■ **TASK ITEM**: Output exactly the lines from the first line of the records below through the line containing "チャレンジ陸上大会に出発です", both included, leaving out any pictures.

╭─ DATASET EXCERPTS

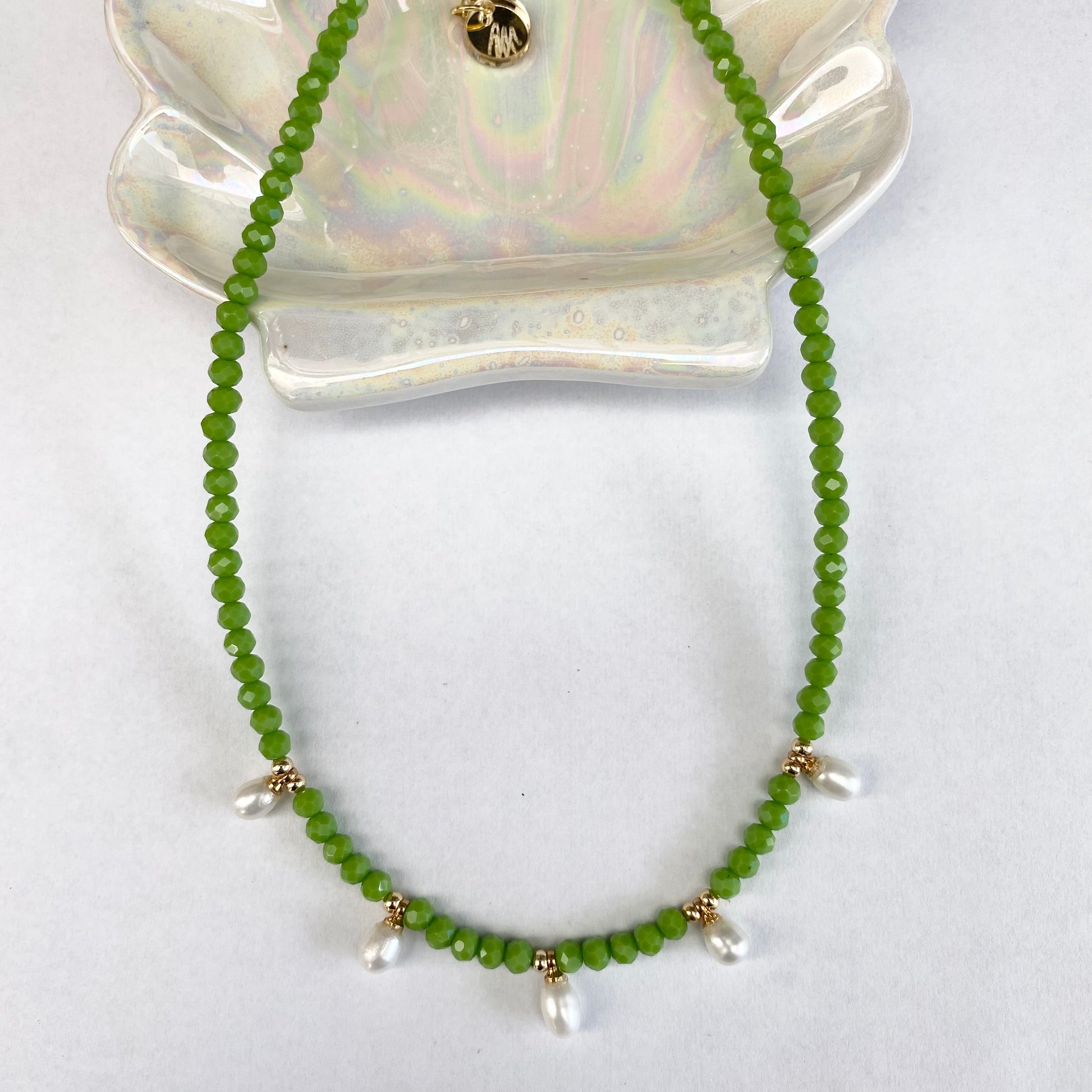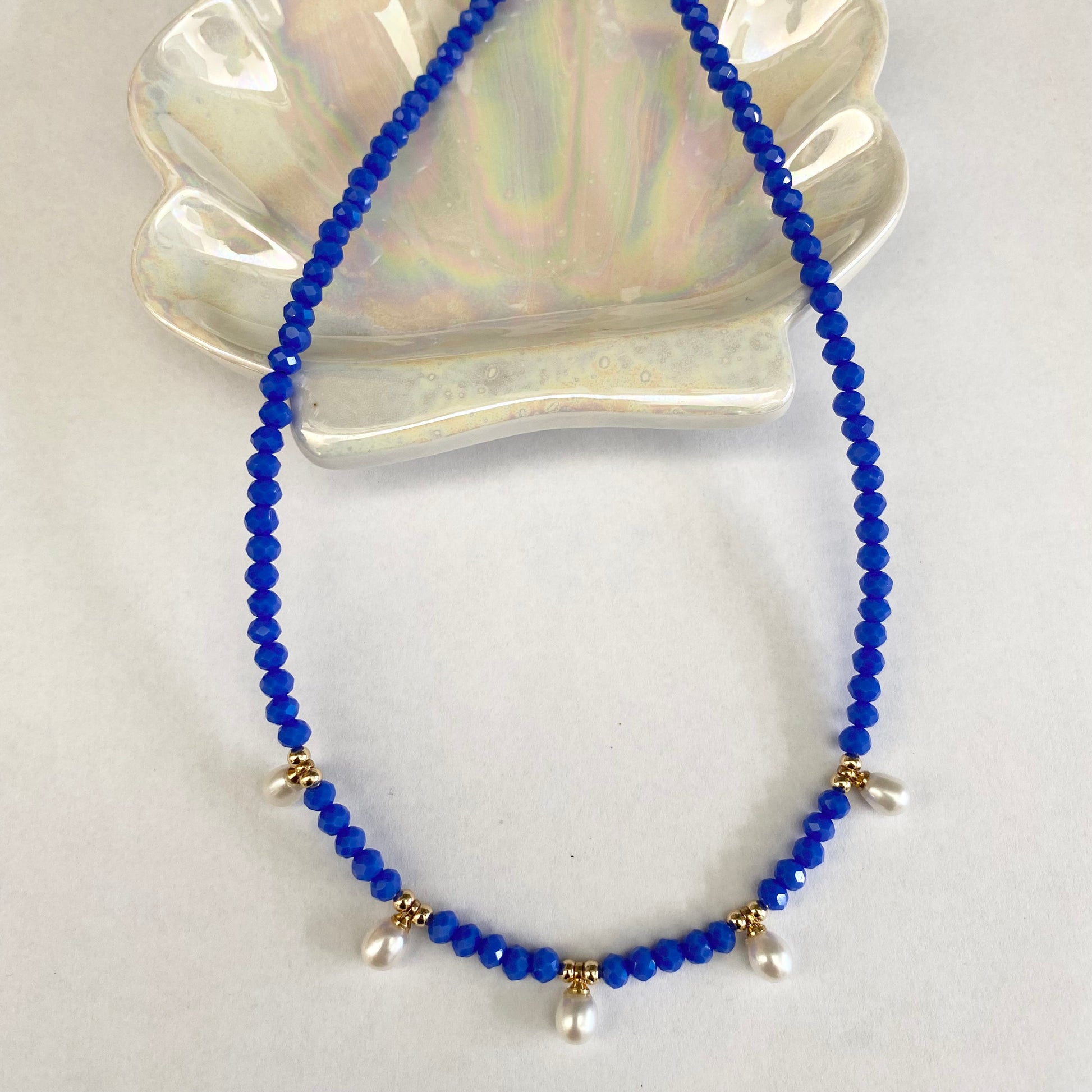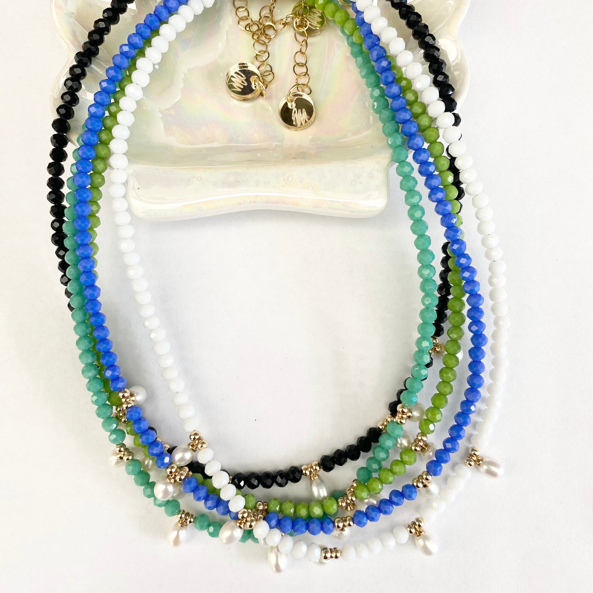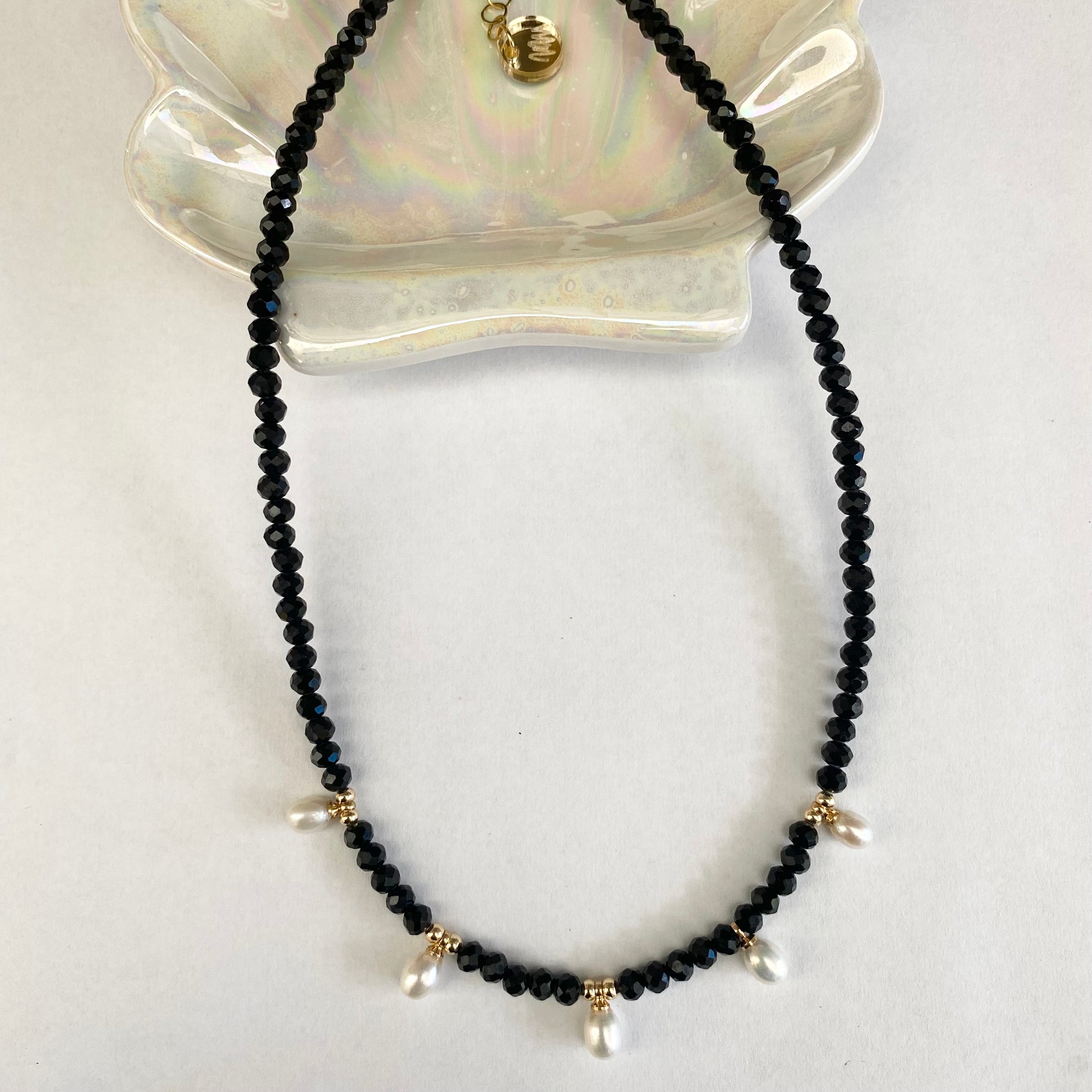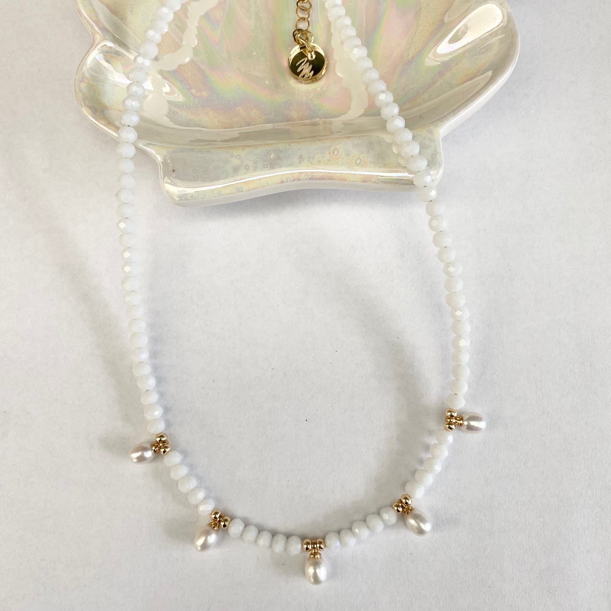 Faceted crystal beads and fresh water pearls, measures 15.5” long with 2” chain extender.
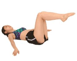 双腿弯曲,上半身不动,将双膝转向左侧,头部转向反侧,然后换方向没这样左右相互交替,持续10组。
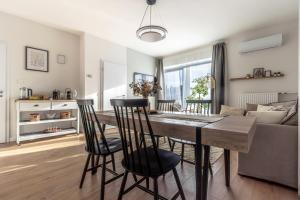 The apartment includes two bedrooms, a living room with a sofa bed, and a balcony with views of the city and landmarks. The kitchen has a dishwasher, oven, toaster, and refrigerator. The bathroom has a walk-in shower and hairdryer. Towels and bed linen are provided.
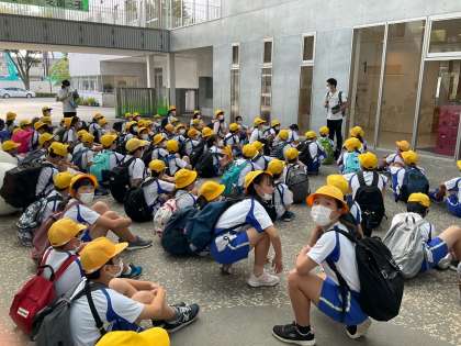 チャレンジ陸上大会に出発です。一度レーンやピットを確認してからバスに乗りました。
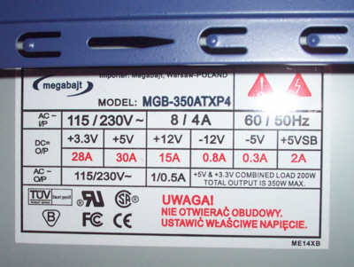 Co się tyczy zasilaczy to dostarczony Megabajt MGB-350ATXP4, dostarczony w paczce wraz z obudową (należy tu dodać, że obudowa nie jest sprzedawana wraz z zasilaczem), w zupełności wystarczy wszystkim tym którzy nie podkręcają swoich maszyn do granic wytrzymałości, ale nie wystarczy overclockerom i tym którzy tuningują swoje pecety. Lecz należy pamiętać, że stabilność komputera w dużej mierze (zwłaszcza po mocnym podkręceniu jego podzespołów) opiera się na działaniu zasilacza. Dlatego nie należy lekceważyć tego elementu przy wyborze zestawu komputerowego zwłaszcza przez kogoś, kto planuje bawić się w ekstremalne podkręcanie maszyny. W przypadku, gdy chcemy by nasz komputer świecił i posiadał w sobie wszystkie z opisywanych w tej recenzji dodatków, tym bardziej nie powinniśmy oszczędzać na doborze tego podzespołu.
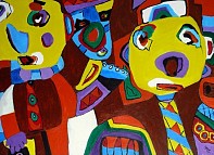 Eigen werk in de stijl van de Cobra-beweging uit jaren 50.
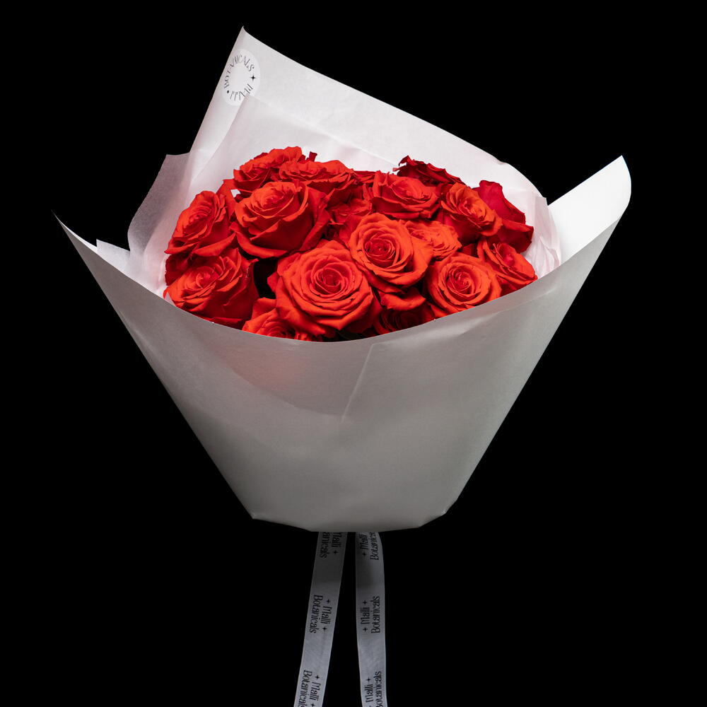 Красные розы сорта Nina — это яркие и элегантные цветы, которые привлекают внимание своей красотой. Они имеют насыщенный красный цвет, который символизирует любовь, страсть и восхищение. Оформлен в фирменную упаковку Malli Botanicals с возможностью дополнить открыткой. На фото букет в размере S, 25шт.

╰─

■ **SOLUTION TO THIS PROBLEM**:
 Faceted crystal beads and fresh water pearls, measures 15.5” long with 2” chain extender.
 双腿弯曲,上半身不动,将双膝转向左侧,头部转向反侧,然后换方向没这样左右相互交替,持续10组。
 The apartment includes two bedrooms, a living room with a sofa bed, and a balcony with views of the city and landmarks. The kitchen has a dishwasher, oven, toaster, and refrigerator. The bathroom has a walk-in shower and hairdryer. Towels and bed linen are provided.
 チャレンジ陸上大会に出発です。一度レーンやピットを確認してからバスに乗りました。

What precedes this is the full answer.